I remember one time I had a job to re-do a huge recursive function that was actually building a bsp-tree and modify it into iterative with some optimizations in between loops. It gained around 50% speed, but I have to admit that the recursive version was very dumb, and the resultant iterative one was around 1000 lines.
rahmu wroteIf you spend 3 months working to save 20ms on your execution time, 9 times out of 10 you're losing your time :)
It really depends on the application at hand. In my field, that's actually quite an accomplishment concerning medical imaging. In reality, some medical companies spend billions of dollars and years of research to reduce execution time by even 0.5 ms => less ececution time = less radiation exposure => less chances of exposing patient and doctor to cancer (skin cancer mostly).

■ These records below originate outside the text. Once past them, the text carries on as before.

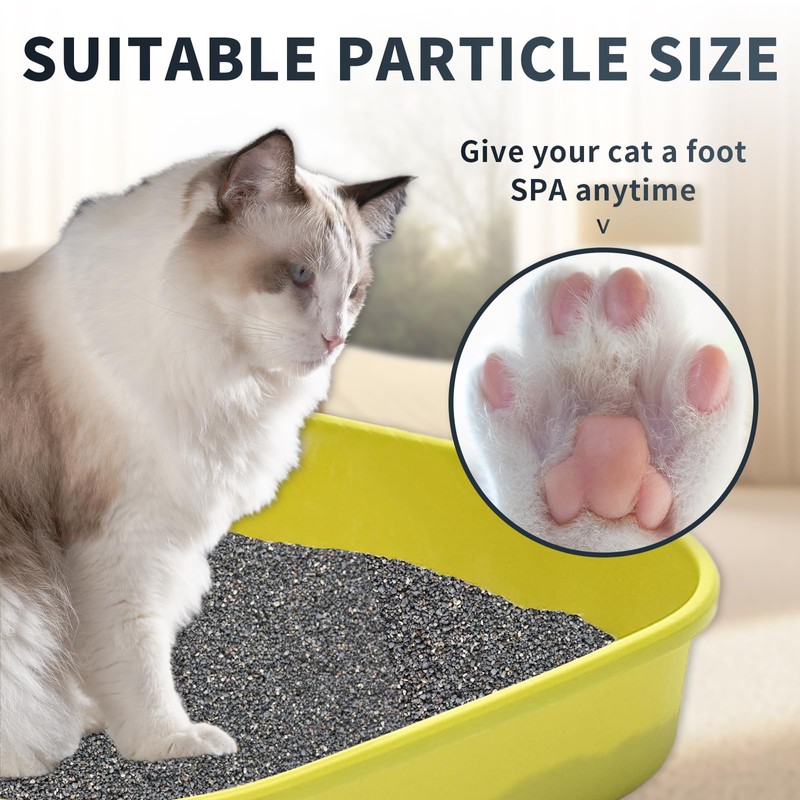 • ✅ Natural Raw Mineral – Deeply mined raw stone, original particles of mineral sand,the original ore was directly broken into irregular particles, the crushing process to filter the dust, fine particles, more original foot feel, ideal for comfortable feet, moderate particles do not get stuck in the claws, desert-level foot feel cats like more!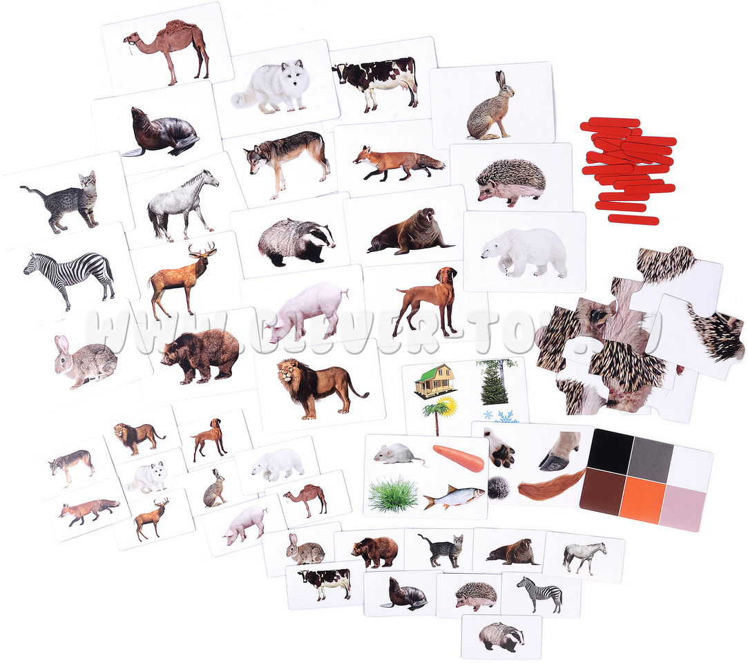 - 20 карточек с животными (50 мм х 90 мм): раздаточный материал;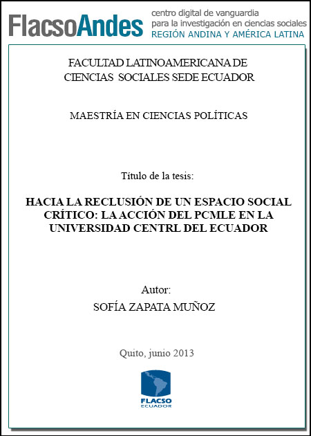 Zapata Muñoz, Sofía. 2013. Hacia la reclusión de un espacio social crítico: la acción del PCMLE en el Universidad Central del Ecuador. Tesis de maestría, Flacso Ecuador.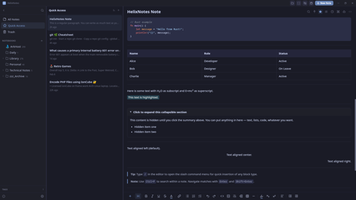 The name comes from the double helix. Structured but flexible, like how notes should be. Trilium is a solid project, but it stores notes in an SQLite database and runs on Electron. HelixNotes keeps everything as plain .md files and uses Tauri, so much lighter on resources.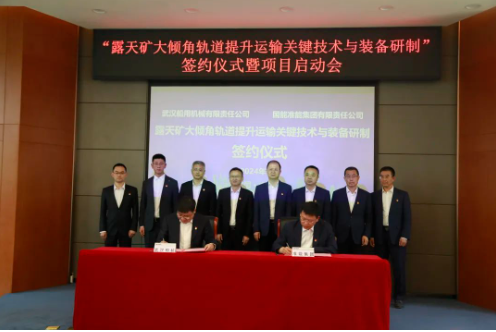 2024年5月8日,中國船舶集團(tuán)旗下中國動(dòng)力子武漢船機(jī)公司與國能準(zhǔn)能集團(tuán)在內(nèi)蒙古準(zhǔn)格爾旗舉行了“露天礦大傾角軌道提升運(yùn)輸關(guān)鍵技術(shù)與裝備研制”合同簽約儀式。這不僅標(biāo)志著項(xiàng)目正式進(jìn)入實(shí)施階段,也意味著雙方在露天礦山裝備領(lǐng)域深度合作、推動(dòng)露天礦山開采運(yùn)輸領(lǐng)域綠色化、智能化創(chuàng)新發(fā)展上邁出了堅(jiān)實(shí)一步。
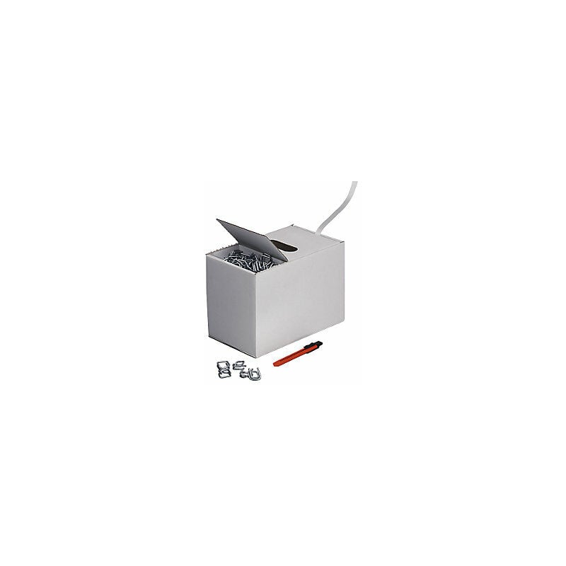 Set per reggiatura, reggia resistente in PET incollata, reggia in dispenser di cartone, ganci metallici, taglierina, larghezza reggia 13 mm. Fornitura = montato. Materiale reggia = reggia resistente in PET, incollata. Fornitura = dispenser in cartone, ganci metallici, taglierina. Larghezza reggia = 13 mm. Campo d'applicazione = prodotti pesanti, prodotti fragili, prodotti ingombranti. Durata di impiego = stoccaggio a lungo termine. Luogo d'impiego = per interni ed esterni. Resistenza alla trazione = 375 kg. Chiusura = ganci metallici. Lunghezza reggia = 250 m. Versione svolgitore = dispenser in cartone con nastro. Tipo di prodotto = set per reggiatura. Il set è composto da - 1 bobina di reggia resistente in poliestere, incollata, in dispenser di cartone - Ganci metallici, confezione da 100 pezzi da 13 mm o 80 pezzi da 16 mm - 1 taglierina Tutti i componenti sono disponibili singolarmente per ordini successivi. Su richiesta reggia resistente in PET per carichi pesanti. Reggia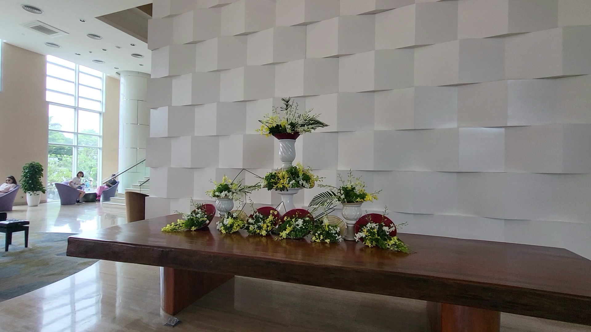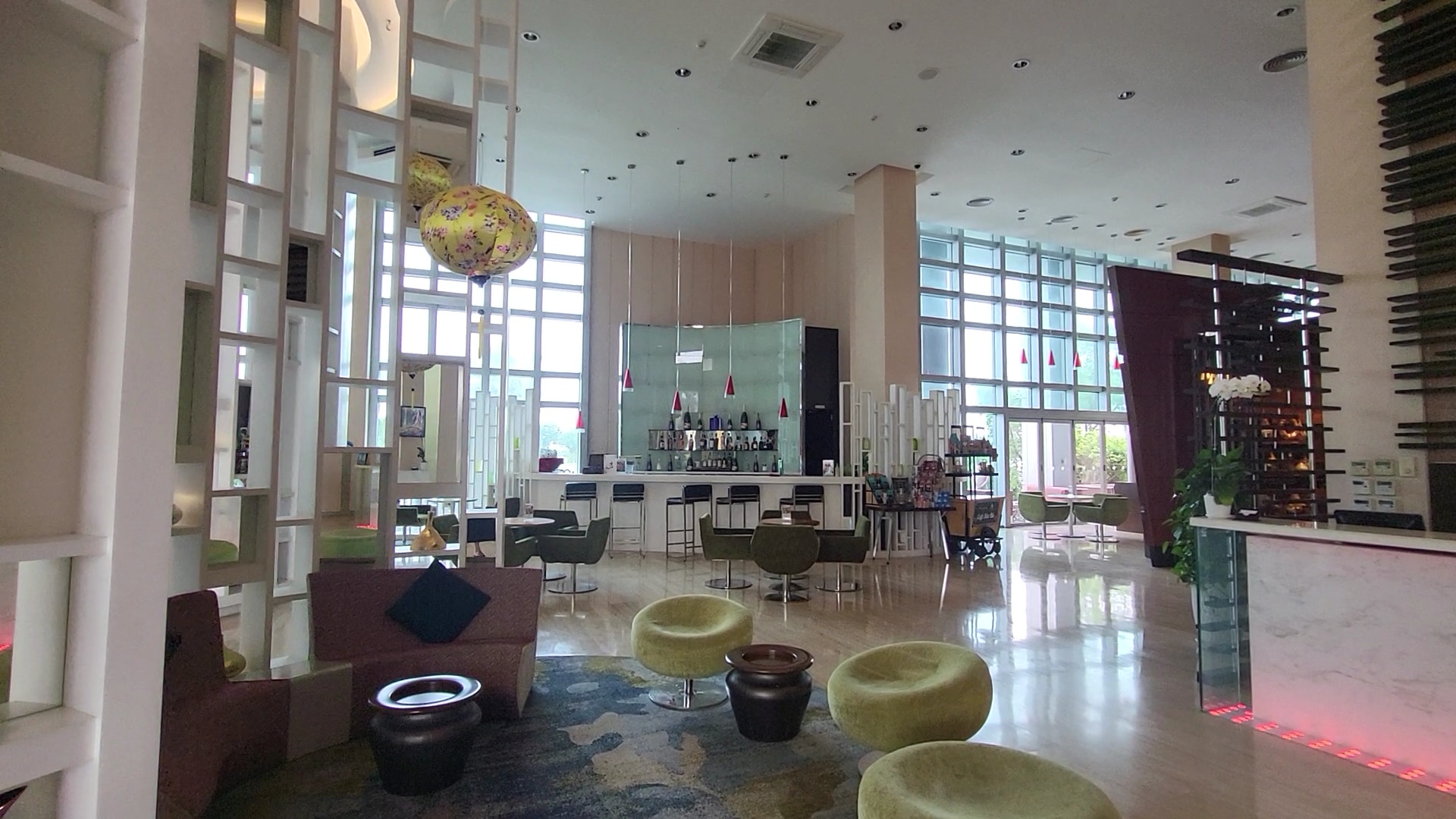 The first impression of the Grand Mercure Da Nang Hotel lobby was vibrant and colorful. This hotel seemed to be popular among group travelers.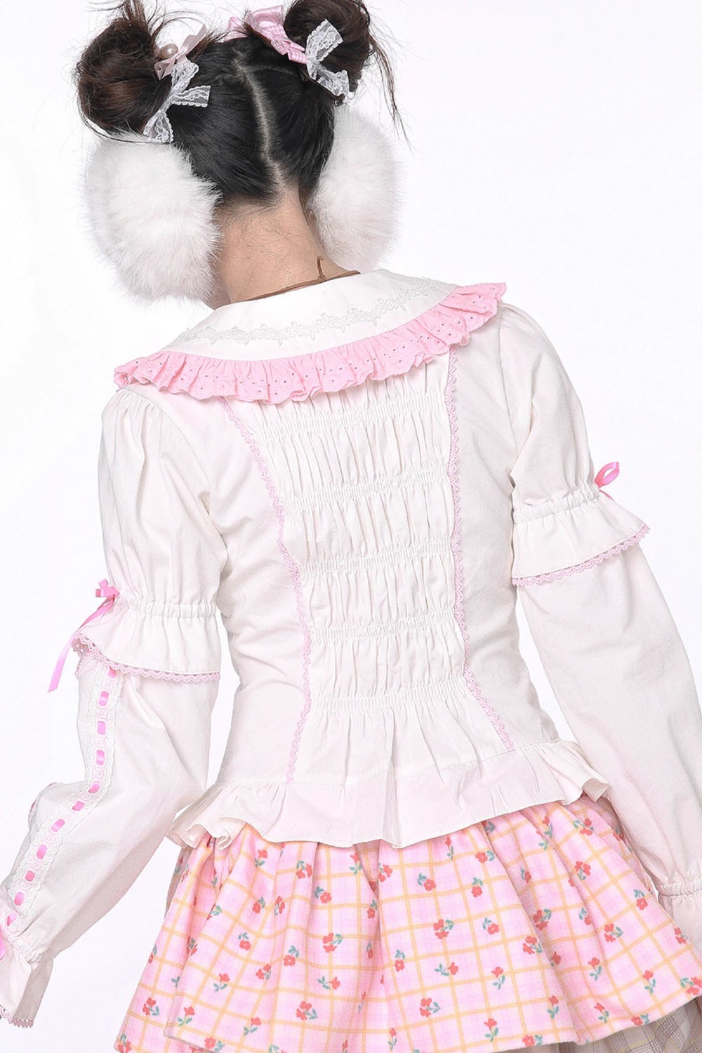 Blusa Blanca de Manga Larga Retro Bow  ~ SOS MEME CLUB

What I meant is that sometimes you work on your program for several hours in order to cutdown on execution time.

Example: I needed to transmit and receive medical images over optical fibers with an encoding/decoding algorithm that I developed. In order to compare it's performance with other coding techniques, I needed to conduct a test where I send an image 50 times and find the BER, PER, RMSE, etc... I actually worked 3 days non-stop to reduce execution time by 8 hours. The results were more than satisfying, and I showed that my coding technique was much more efficient than others and not just more accurate.
In micro-controllers, memory is limited, you need to optimize your code in a memory efficient way.
J4D wroteOn the contrary ! the recursive approach is better for optimized memory usage :) that's at least what i have been taught :P
I've been taught exactly the opposite.

Whom to believe ?



I always go for the iterative coding, unless I don't find a solution. Then I try out the recursive method.


The Josephus Algorithm is a good example for using a recursive, cause honestly I can't seem to find a solution using iterative. But then again, I suck.